_To do_. In the entries that follow, find the line containing "成份股方面,领涨超12%,涨" and the line containing "Look no further", then copy exactly everything from the first through the second except the pictures.

_Supplied records_.
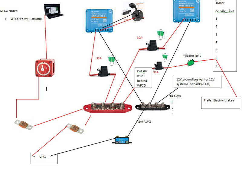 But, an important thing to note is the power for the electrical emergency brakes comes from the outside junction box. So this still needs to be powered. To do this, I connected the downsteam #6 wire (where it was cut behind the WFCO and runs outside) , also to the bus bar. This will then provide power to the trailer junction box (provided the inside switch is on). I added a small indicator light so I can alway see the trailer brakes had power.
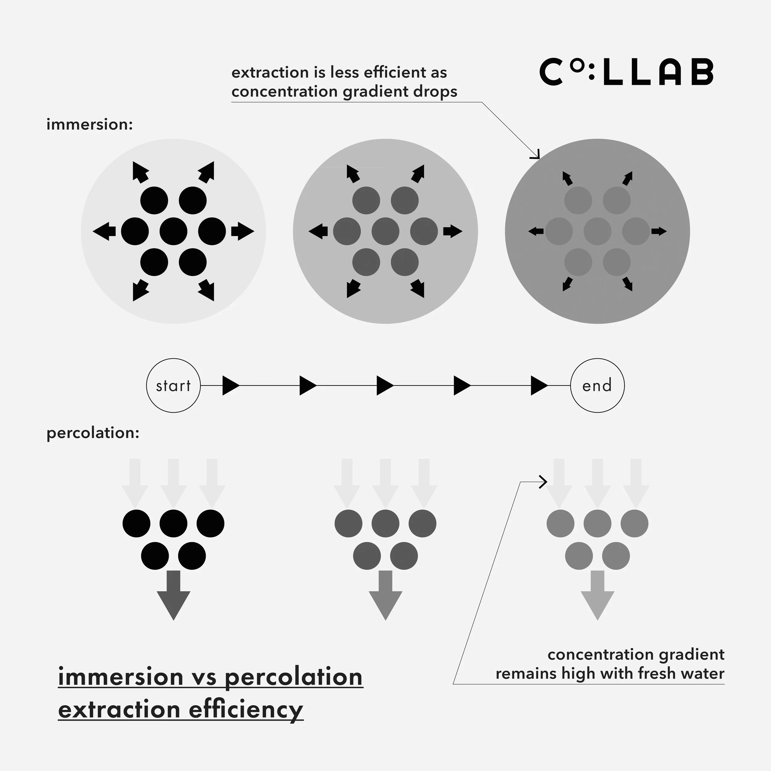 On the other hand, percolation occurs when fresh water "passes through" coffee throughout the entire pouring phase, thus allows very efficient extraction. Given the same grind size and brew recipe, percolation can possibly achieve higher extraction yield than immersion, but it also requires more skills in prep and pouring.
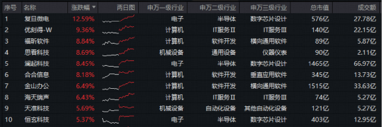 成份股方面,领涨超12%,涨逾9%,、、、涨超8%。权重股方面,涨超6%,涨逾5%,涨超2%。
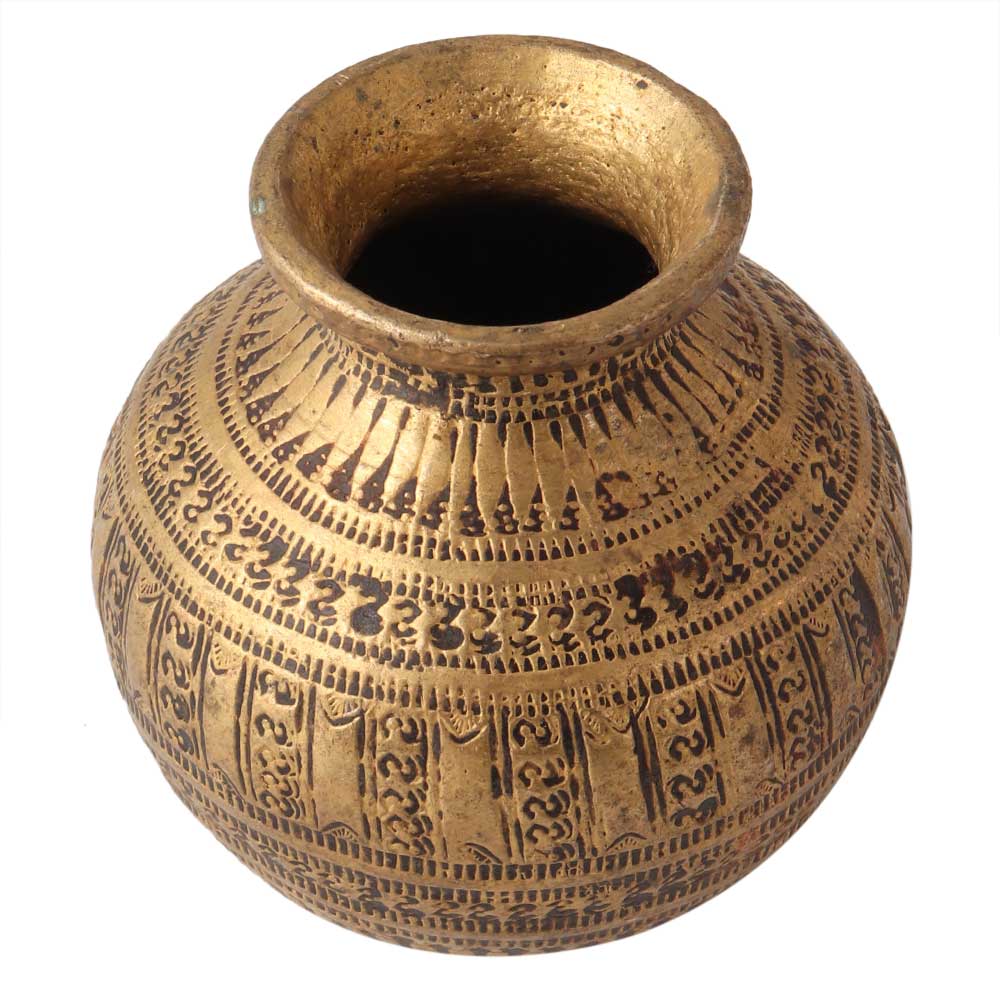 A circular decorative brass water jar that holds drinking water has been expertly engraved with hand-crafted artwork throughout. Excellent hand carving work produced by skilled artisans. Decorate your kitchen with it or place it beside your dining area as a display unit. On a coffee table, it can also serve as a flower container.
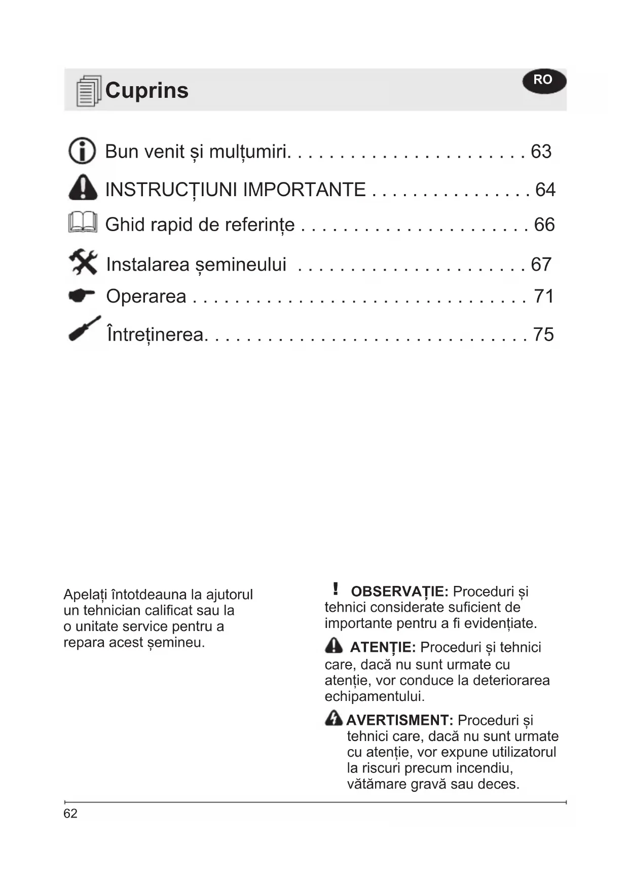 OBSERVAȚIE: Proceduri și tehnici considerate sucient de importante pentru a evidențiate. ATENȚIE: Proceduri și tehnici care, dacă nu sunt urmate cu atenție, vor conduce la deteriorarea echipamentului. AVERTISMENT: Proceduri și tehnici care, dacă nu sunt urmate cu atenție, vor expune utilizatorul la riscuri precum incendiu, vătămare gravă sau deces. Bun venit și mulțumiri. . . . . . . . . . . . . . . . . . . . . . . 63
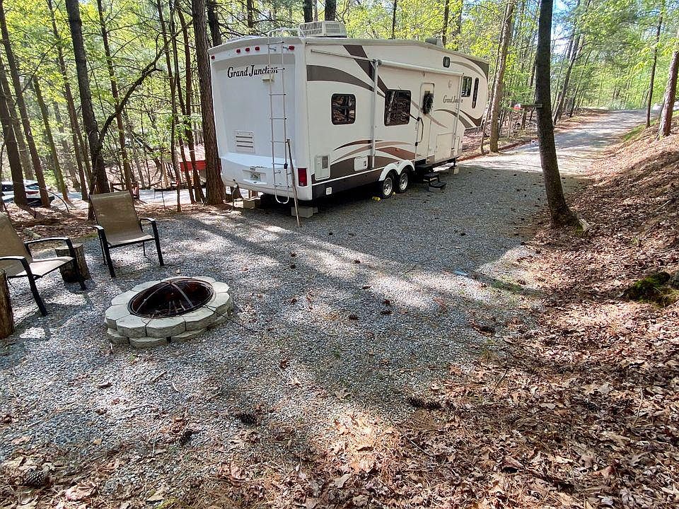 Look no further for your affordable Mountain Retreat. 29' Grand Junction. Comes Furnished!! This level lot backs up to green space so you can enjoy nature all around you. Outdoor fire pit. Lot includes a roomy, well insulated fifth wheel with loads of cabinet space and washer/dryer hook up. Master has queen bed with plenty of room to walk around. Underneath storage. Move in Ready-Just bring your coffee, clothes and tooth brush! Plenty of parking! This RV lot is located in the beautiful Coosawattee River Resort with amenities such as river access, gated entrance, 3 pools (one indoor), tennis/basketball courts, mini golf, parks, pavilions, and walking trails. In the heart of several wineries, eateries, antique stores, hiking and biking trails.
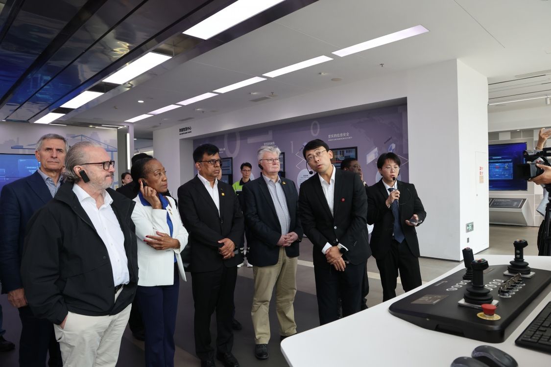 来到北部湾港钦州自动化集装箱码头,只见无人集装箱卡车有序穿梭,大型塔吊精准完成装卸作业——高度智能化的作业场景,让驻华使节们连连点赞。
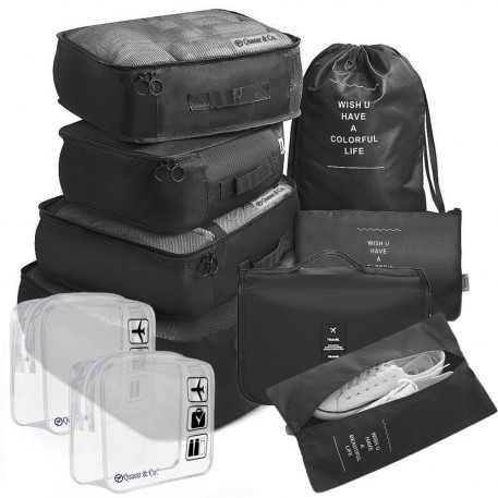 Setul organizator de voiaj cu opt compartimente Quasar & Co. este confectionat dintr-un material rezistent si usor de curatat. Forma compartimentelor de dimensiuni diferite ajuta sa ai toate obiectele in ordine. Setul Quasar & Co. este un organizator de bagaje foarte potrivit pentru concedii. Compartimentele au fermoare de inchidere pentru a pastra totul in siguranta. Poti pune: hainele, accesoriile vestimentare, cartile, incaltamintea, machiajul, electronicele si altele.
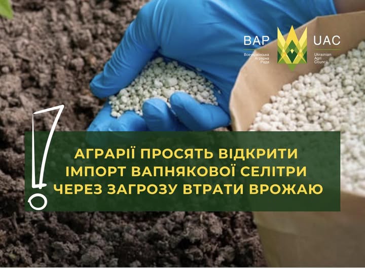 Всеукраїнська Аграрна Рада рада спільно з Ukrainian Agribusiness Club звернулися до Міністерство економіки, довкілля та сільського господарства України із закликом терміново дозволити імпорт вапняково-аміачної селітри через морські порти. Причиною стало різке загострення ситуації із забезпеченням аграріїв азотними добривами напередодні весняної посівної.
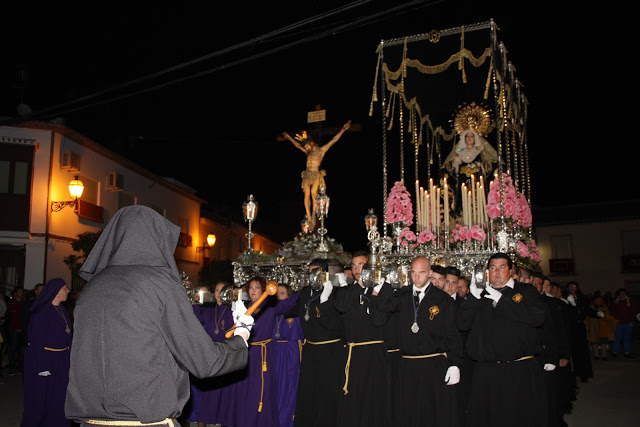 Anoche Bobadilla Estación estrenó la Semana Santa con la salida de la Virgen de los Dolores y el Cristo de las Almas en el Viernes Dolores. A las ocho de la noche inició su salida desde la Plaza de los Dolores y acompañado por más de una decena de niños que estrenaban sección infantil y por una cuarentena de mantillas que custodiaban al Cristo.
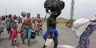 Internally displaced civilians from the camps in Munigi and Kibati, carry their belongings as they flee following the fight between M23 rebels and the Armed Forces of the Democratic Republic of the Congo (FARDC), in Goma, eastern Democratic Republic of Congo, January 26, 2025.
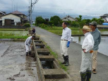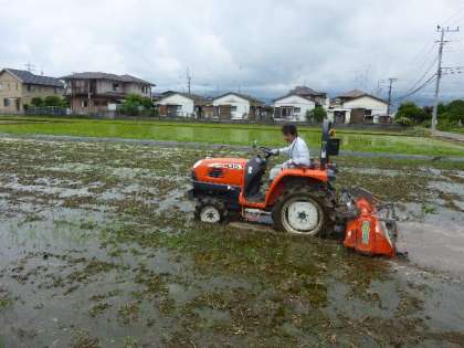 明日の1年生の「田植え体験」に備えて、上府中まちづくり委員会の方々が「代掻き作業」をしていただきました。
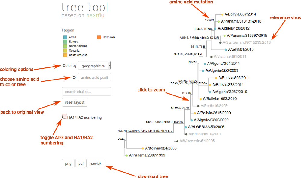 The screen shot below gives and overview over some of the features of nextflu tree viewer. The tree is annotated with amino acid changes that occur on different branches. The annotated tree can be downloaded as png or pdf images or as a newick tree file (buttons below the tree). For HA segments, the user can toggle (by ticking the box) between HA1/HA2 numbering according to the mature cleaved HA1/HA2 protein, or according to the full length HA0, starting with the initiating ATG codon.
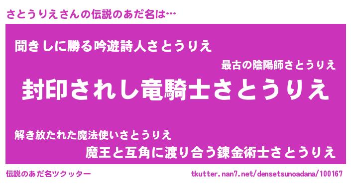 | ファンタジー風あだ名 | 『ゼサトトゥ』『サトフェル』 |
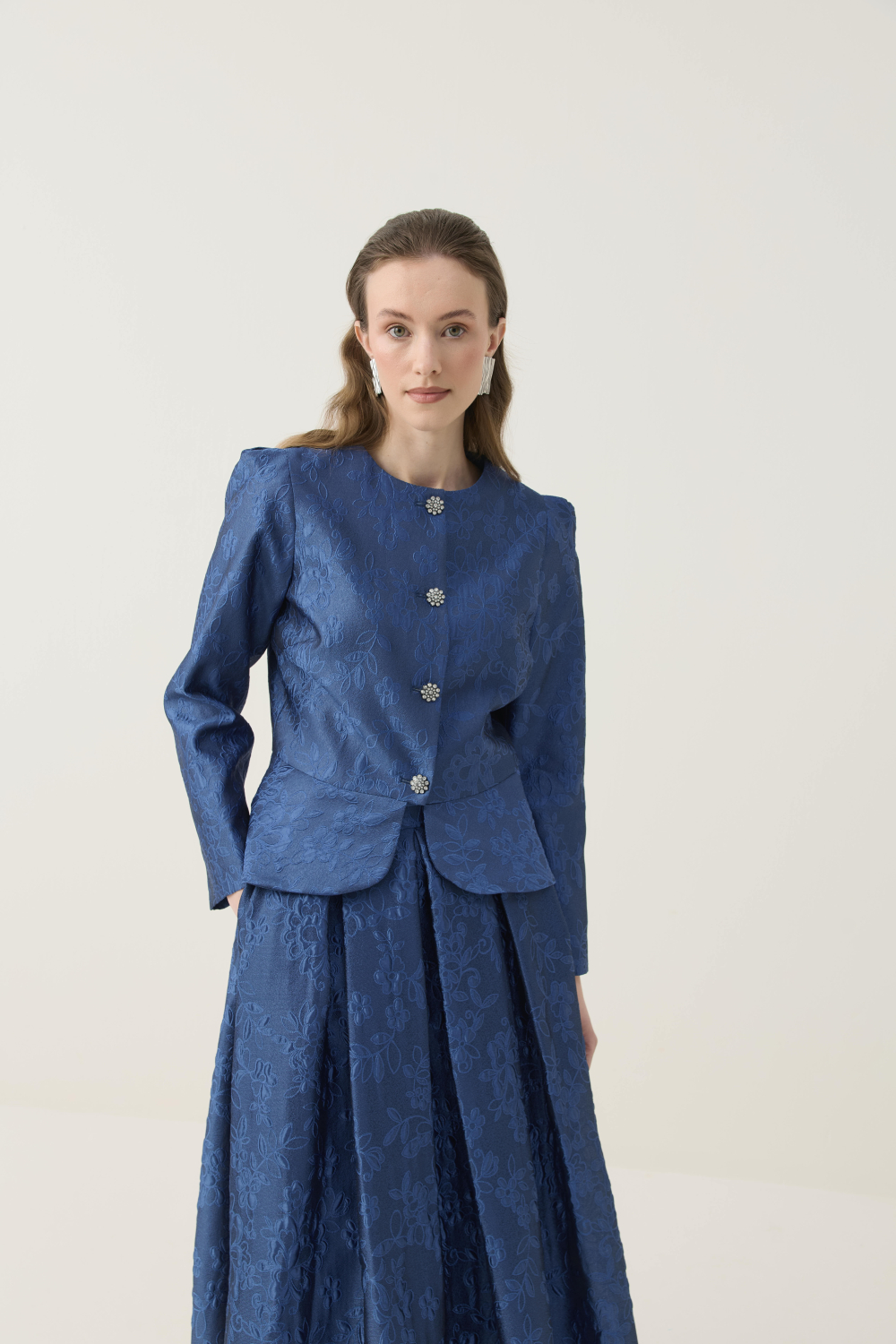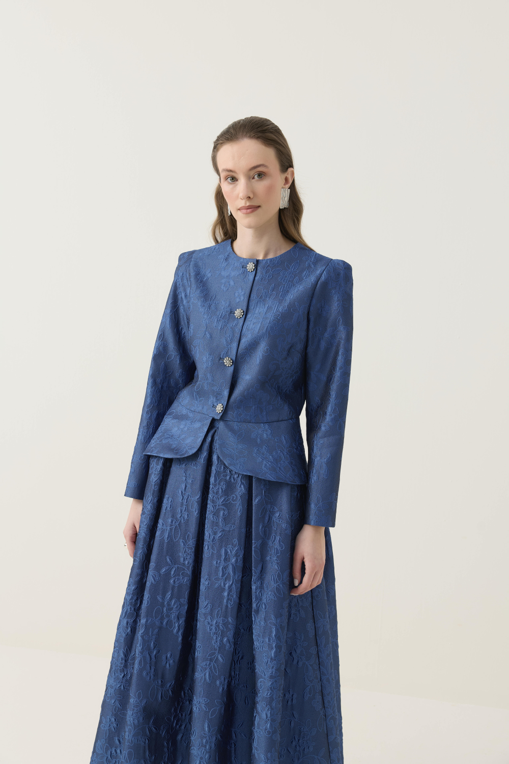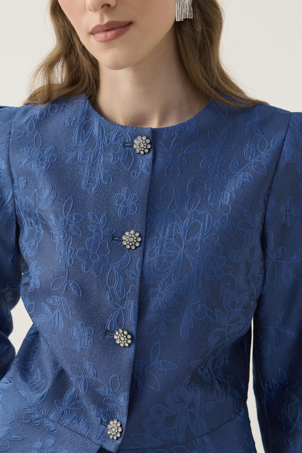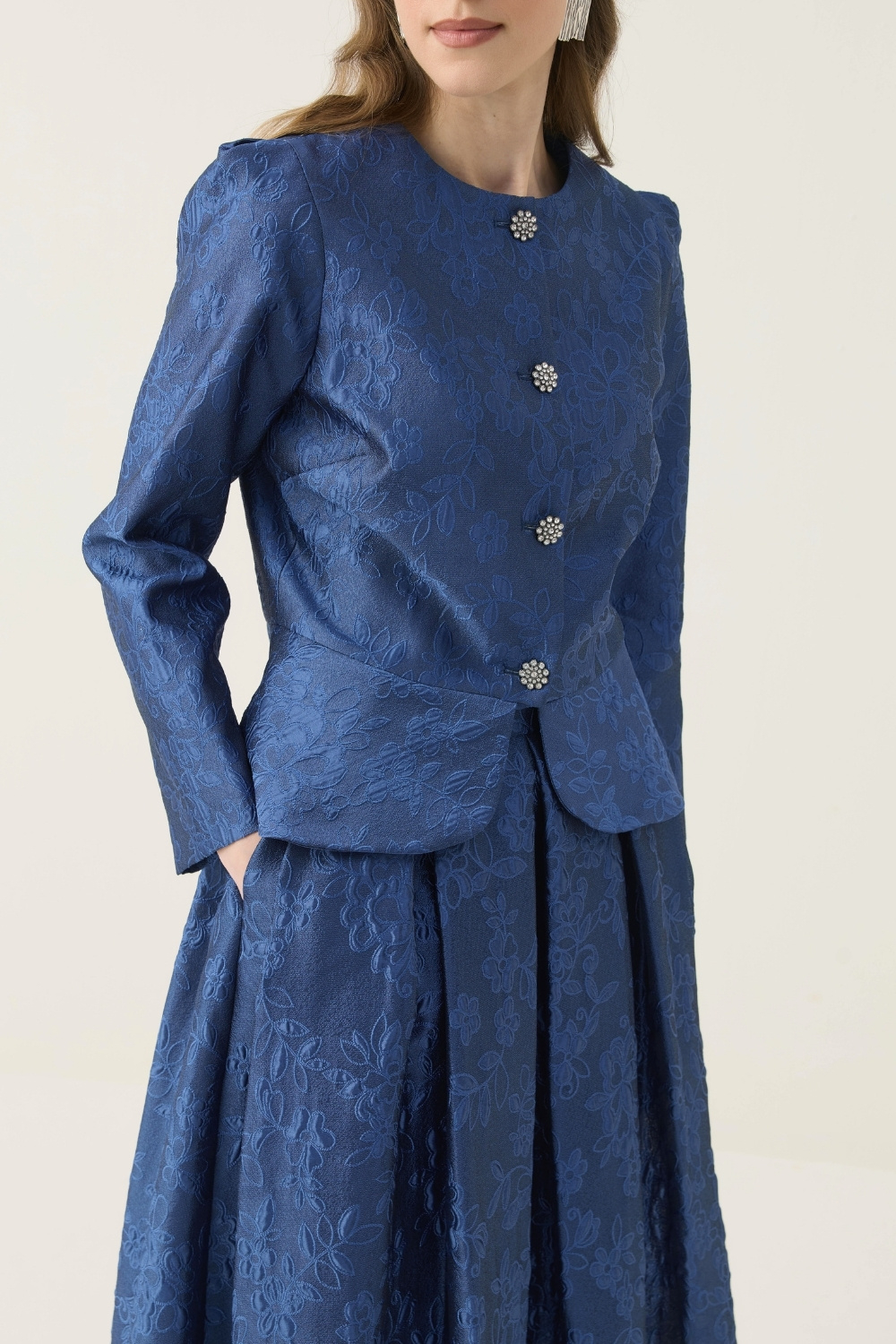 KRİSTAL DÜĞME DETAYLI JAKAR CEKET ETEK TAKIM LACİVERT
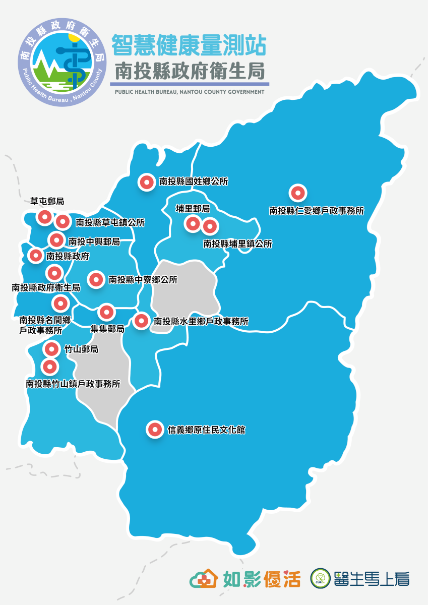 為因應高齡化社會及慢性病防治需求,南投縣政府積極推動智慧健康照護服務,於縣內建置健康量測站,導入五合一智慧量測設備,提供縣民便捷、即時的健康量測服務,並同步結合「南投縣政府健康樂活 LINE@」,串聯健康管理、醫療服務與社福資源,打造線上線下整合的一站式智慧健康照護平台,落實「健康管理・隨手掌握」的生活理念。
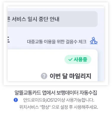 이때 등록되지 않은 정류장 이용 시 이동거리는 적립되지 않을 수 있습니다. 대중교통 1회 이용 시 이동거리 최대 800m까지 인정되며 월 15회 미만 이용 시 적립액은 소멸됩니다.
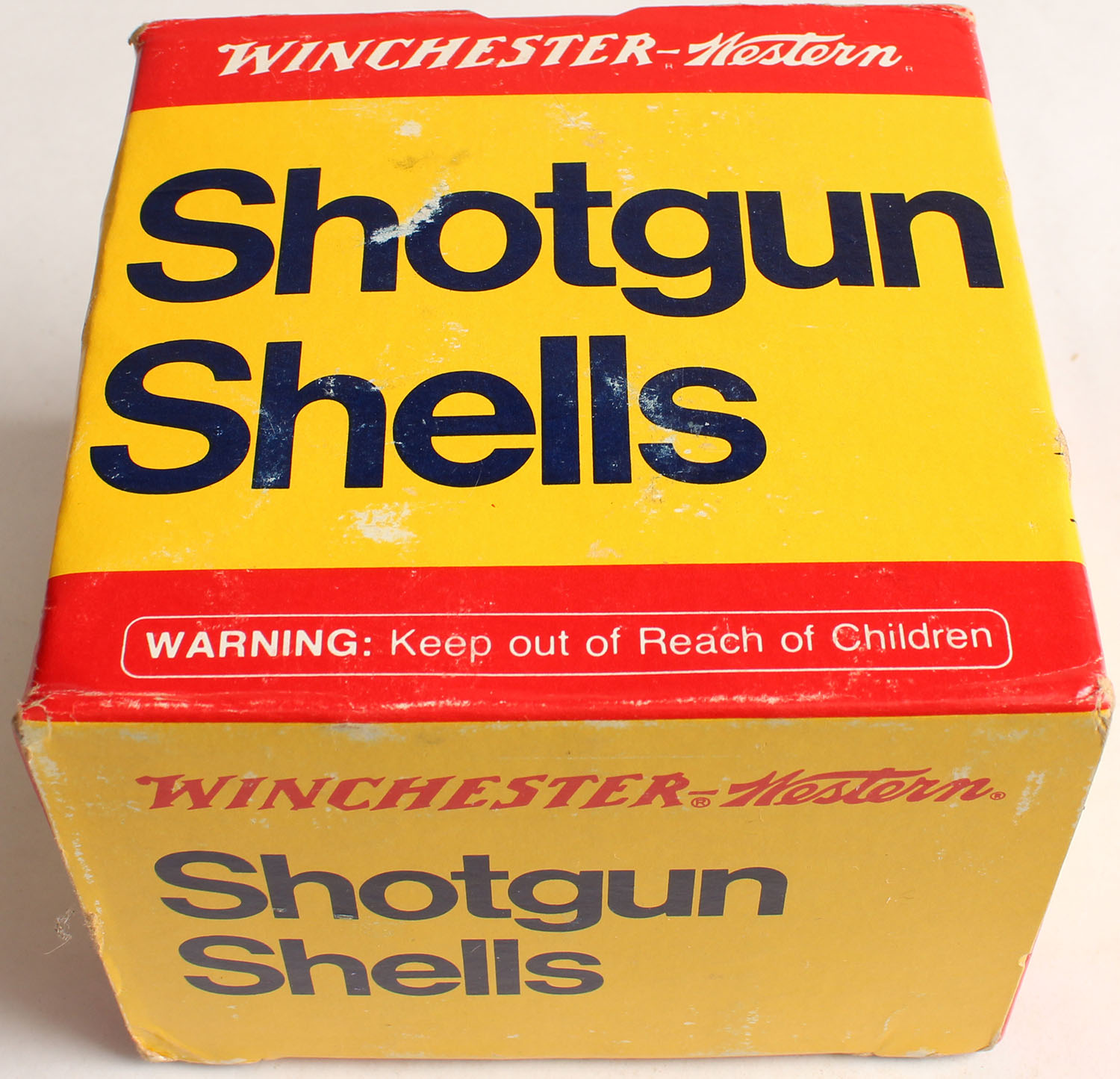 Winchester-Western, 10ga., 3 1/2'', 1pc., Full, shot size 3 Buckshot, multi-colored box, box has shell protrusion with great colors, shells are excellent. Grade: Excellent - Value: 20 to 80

_Result of the exercise_.
 成份股方面,领涨超12%,涨逾9%,、、、涨超8%。权重股方面,涨超6%,涨逾5%,涨超2%。
 A circular decorative brass water jar that holds drinking water has been expertly engraved with hand-crafted artwork throughout. Excellent hand carving work produced by skilled artisans. Decorate your kitchen with it or place it beside your dining area as a display unit. On a coffee table, it can also serve as a flower container.
 OBSERVAȚIE: Proceduri și tehnici considerate sucient de importante pentru a evidențiate. ATENȚIE: Proceduri și tehnici care, dacă nu sunt urmate cu atenție, vor conduce la deteriorarea echipamentului. AVERTISMENT: Proceduri și tehnici care, dacă nu sunt urmate cu atenție, vor expune utilizatorul la riscuri precum incendiu, vătămare gravă sau deces. Bun venit și mulțumiri. . . . . . . . . . . . . . . . . . . . . . . 63
 Look no further for your affordable Mountain Retreat. 29' Grand Junction. Comes Furnished!! This level lot backs up to green space so you can enjoy nature all around you. Outdoor fire pit. Lot includes a roomy, well insulated fifth wheel with loads of cabinet space and washer/dryer hook up. Master has queen bed with plenty of room to walk around. Underneath storage. Move in Ready-Just bring your coffee, clothes and tooth brush! Plenty of parking! This RV lot is located in the beautiful Coosawattee River Resort with amenities such as river access, gated entrance, 3 pools (one indoor), tennis/basketball courts, mini golf, parks, pavilions, and walking trails. In the heart of several wineries, eateries, antique stores, hiking and biking trails.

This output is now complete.